20 KiB
Keystone Implementation Review — Gaps vs docs/implementation-spec.md
The schema/migrations/models are about 98% correct. The orchestration, drivers, UI, and tests have substantial gaps. Below are concrete, file-anchored issues to fix.
Critical orchestration bugs
1. Operation parent/child hierarchy is flat — replicas are siblings of their service_deploy, not children
Spec §3 example nests service_deploy → replica_deploy. app/Jobs/Environments/DeployEnvironment.php:74-82 creates both as siblings under the same environment_deploy parent. Replica_deploy siblings rely on RunStep::dispatchNextSiblingOperation (app/Jobs/Services/RunStep.php:120-140) ordering by id — fragile, and if service_deploy fails, replica operations are not cancelled.
Fix: Nest replica operations under their service's service_deploy operation (parent_id = service_deploy.id), and cascade-cancel children when a parent fails.
2. Failed operations don't cancel siblings or children
RunStep::failed (app/Jobs/Services/RunStep.php:163-178) only cancels the failed operation's remaining steps. Sibling/child operations under the same parent continue to dispatch via dispatchNextSiblingOperation.
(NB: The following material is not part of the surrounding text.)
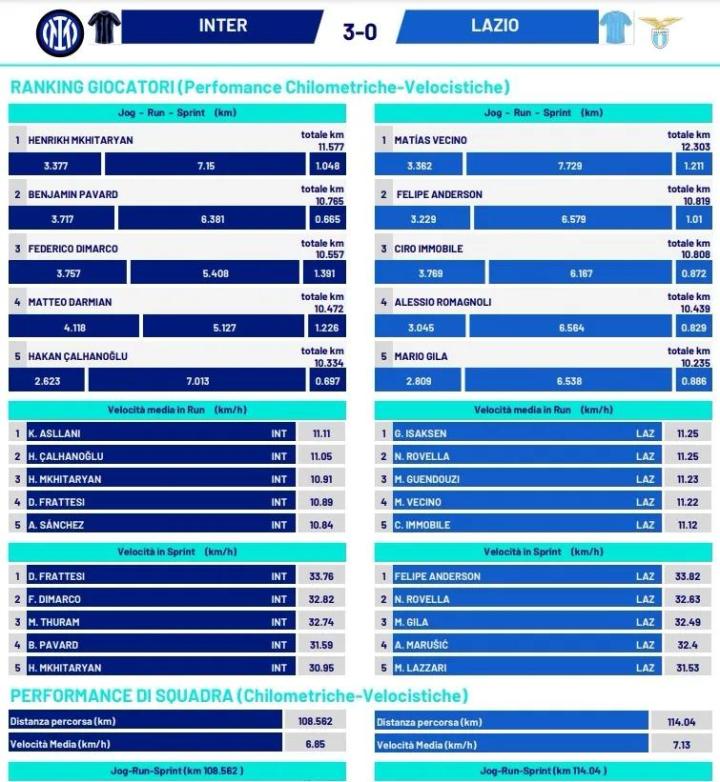 通过赛后技术统计来看,国米控球率、射门数、射正数、传球成功率、角球数等各项数据都呈现出碾压局面,但有一项数据却明显“落后”对方,那就是跑动数据,全场比赛国米跑动距离108.56公里,与拉齐奥的114.04公里相比少出5.5公里,这基本是一个球员的半场跑动量。

A failing service deploy will still trigger gateway cutover.
Fix: On step failure, mark parent + all descendant operations as CANCELLED/FAILED. Re-check during sibling dispatch.
3. Gateway cutover uses a hardcoded container name that doesn't exist
DeployEnvironment.php:202 runs docker exec keystone-caddy caddy reload ..., but Caddy replicas are created with name keystone-service-{service->id}-{N} per DeployEnvironment.php:155. The keystone-caddy container is never created — cutover will always fail.
Fix: Look up the Caddy service's replica container name; or set a stable container_name in Caddy compose.
4. Gateway cutover is monolithic; no add-upstream/reload/drain sub-sequence
Spec §15 requires: render new replica → health check → add new upstream → reload → drain old → stop old. DeployEnvironment.php:201-206 does only caddy reload && sleep 10 && stop draining. There's no add-upstream step (Caddyfile is fully overwritten at slice_configure time), no real health check during cutover, and sleep 10 is an arbitrary drain.
Fix: Split into separate steps with explicit ordering, and tie drain to active connections / Caddy upstream health.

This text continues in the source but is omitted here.